Using freely-available material from Codecademy's Introduction to Data Analysis intensive, we'll learn the basics of hypothesis testing using SciPy. You’ll practice making mathematically informed decision-making and experimental design used by marketers, social scientists, product managers, and data analysts everywhere.
When we are trying to compare datasets, we often need a way to be confident knowing if datasets are significantly different from each other.
Some situations involve correlating numerical data, such as:
- A professor expects an exam average to be roughly 75%, and wants to know if the actual scores line up with this expectation. Was the test actually too easy or too hard?
- A manager of a chain of stores wants to know if certain locations have different revenues on different days of the week. Are the revenue differences a result of natural fluctuations or a significant difference between the stores' sales patterns?

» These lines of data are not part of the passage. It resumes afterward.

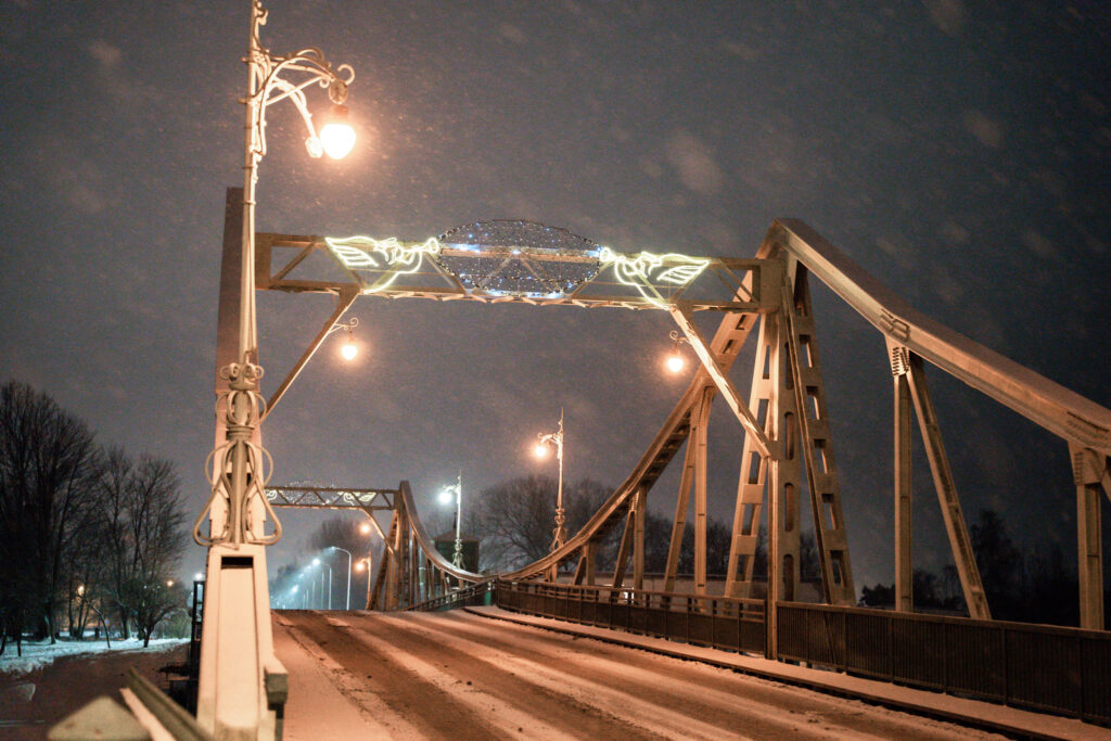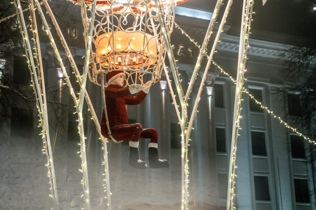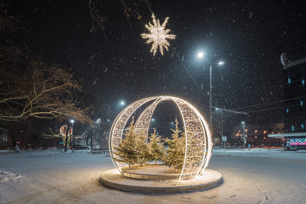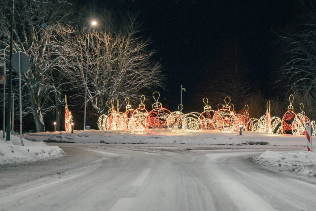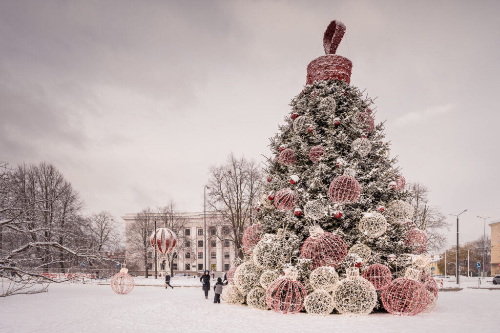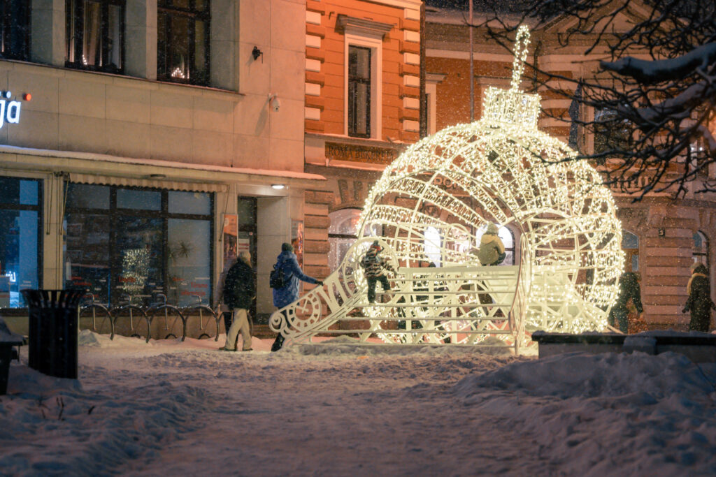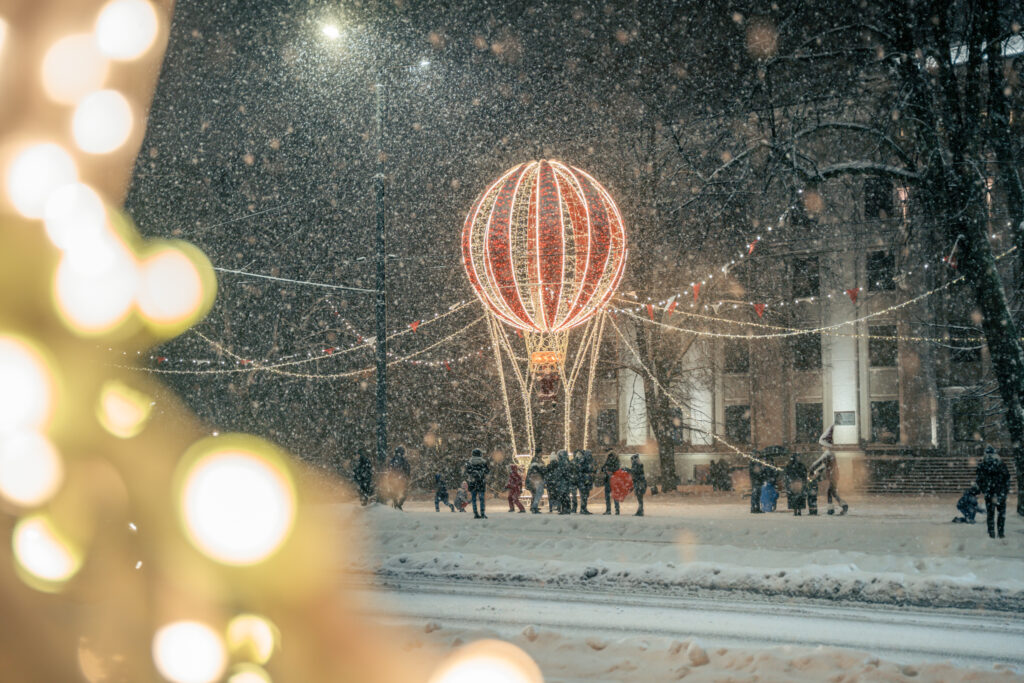 • Ejot pa Lielo ielu, visā tās garumā redzamas no gaisa balona izbirušas krāsainas egļu bumbas. Zvaigžņotas debesis ved pāri Tramvaja tiltam, bet eglīšu un lampiņu virteņu krelles ved virzienā uz koncertzāli “Lielais dzintars”.
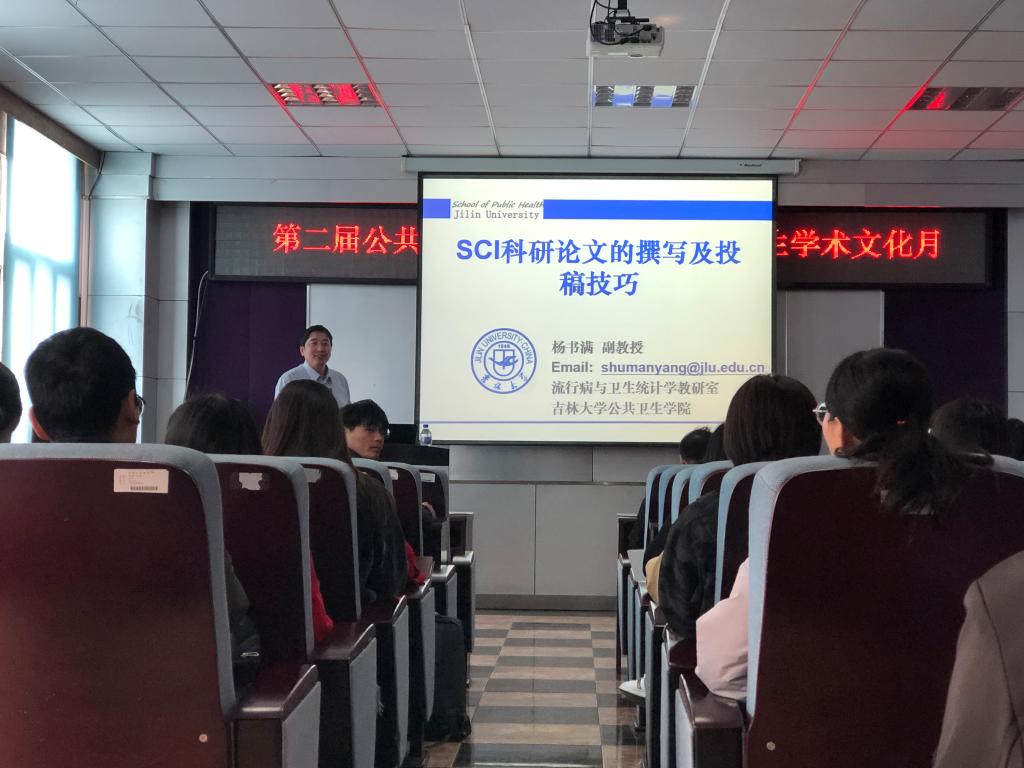 流行病与卫生统计学教研室杨书满副教授为在校师生做《SCI科研论文的撰写及投稿技巧》的知识讲座。
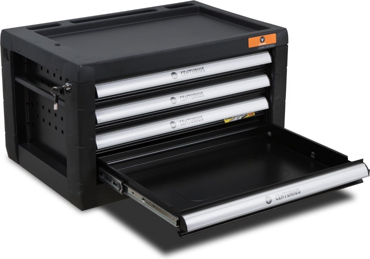 De Centurius gereedschapskist is gemaakt van stevig metaal en heeft een robuust ontwerp dat bestand is tegen dagelijks gebruik in de werkplaats. Met een capaciteit van 4 lades biedt deze gereedschapskist voldoende ruimte voor al uw gereedschap, van schroevendraaiers tot moersleutels en andere benodigdheden. Dankzij de kogelgelagerde lades kunt u moeiteloos al uw gereedschap bereiken, terwijl het cilinderslot ervoor zorgt dat uw gereedschap veilig en beschermd blijft wanneer u het niet gebruikt. De matzwarte afwerking geeft deze gereedschapskist een moderne uitstraling die perfect past in elke werkplaats of garage. De stevige handgreep aan de bovenkant maakt het gemakkelijk om de gereedschapskist te verplaatsen naar waar u hem nodig heeft. Met de Centurius gereedschapskist houdt u uw gereedschap georganiseerd en binnen handbereik, zodat u efficiënt kunt werken en uw projecten moeiteloos kunt voltooien.
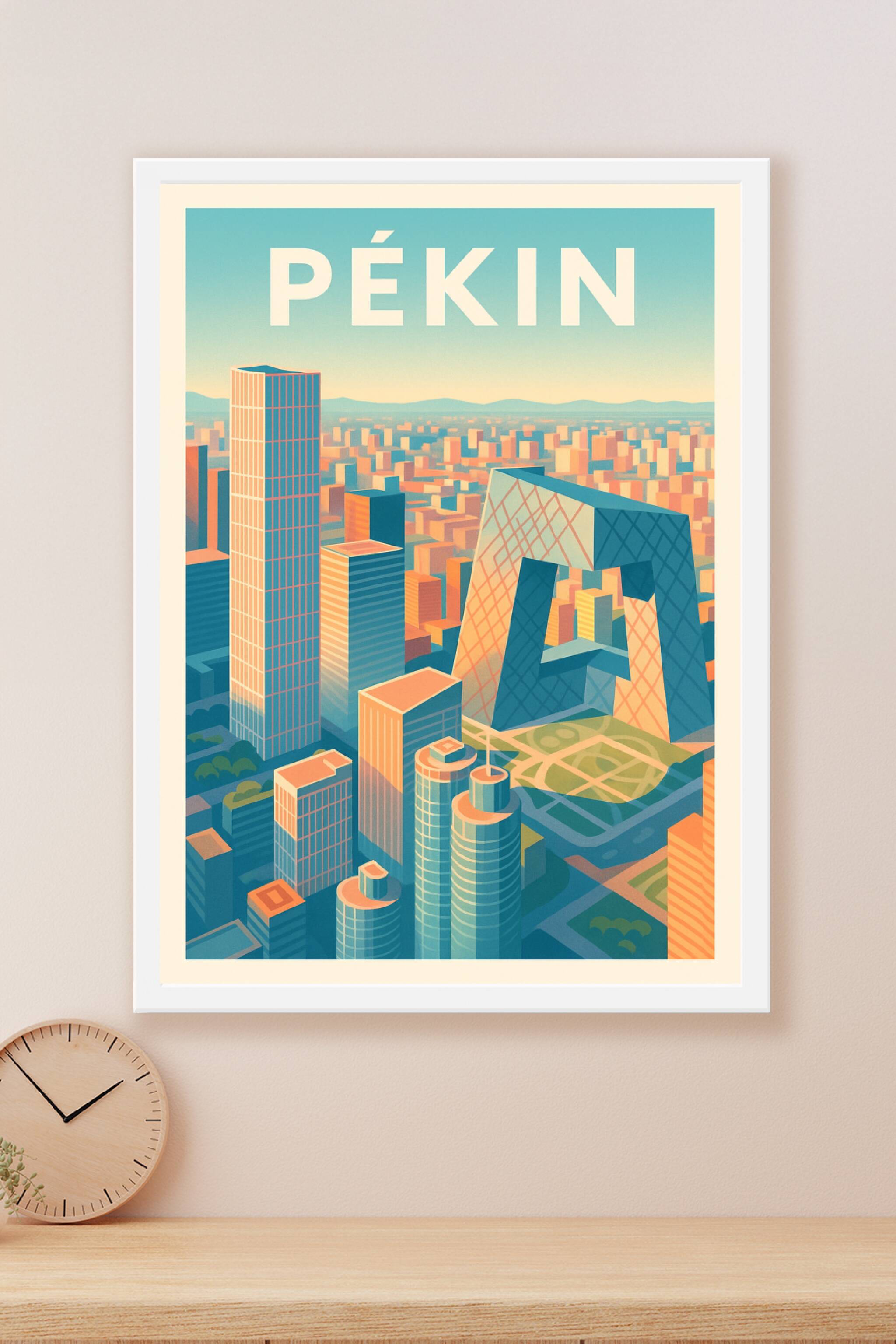 Découvrez l'effervescence architecturale de Pékin avec cette affiche illustrée qui capture la modernité et le dynamisme de la capitale chinoise. Ce poster met en lumière les gratte-ciels impressionnants et le célèbre bâtiment atypique, symbole de l'innovation urbaine.Dans une palette de couleurs chaleureuses et lumineuses, cette affiche apportera une touche contemporaine et élégante à votre décoration intérieure. Imprimée en tirage "Fine Art" sur un papier 305g coton, elle garantit une qualité d'impression exceptionnelle avec des détails précis et des couleurs vibrantes.Vous pouvez choisir parmi plusieurs formats, du A1 au A4, avec ou sans cadre, pour adapter ce poster à votre espace. Profitez d'une fabrication 100% française pour un produit durable et raffiné, idéal pour les passionnés de voyages, d'architecture et de design.

- A Product Manager for a website wants to compare the time spent on different versions of a homepage. Does one version make users stay on the page significantly longer?
Others involve categorical data, such as:
- A pollster wants to know if men and women have significantly different yogurt flavor preferences. Does a result where men more often answer "chocolate" as their favorite reflect a significant difference in the population?
- Do different age groups have significantly different emotional reactions to different ads?
In this lesson, you will learn how about how we can use hypothesis testing to answer these questions. There are several different types of hypothesis tests for the various scenarios you may encounter. Luckily, SciPy has built-in functions that perform all of these tests for us, normally using just one line of code.
For numerical data, we will cover:
One-Sample T-Tests
Two-Sample T-Tests
ANOVA
Tukey Tests
For categorical data, we will cover:
Binomial Tests
Chi Square
After this lesson, you will have a wide range of tools in your arsenal to find meaningful correlations in data.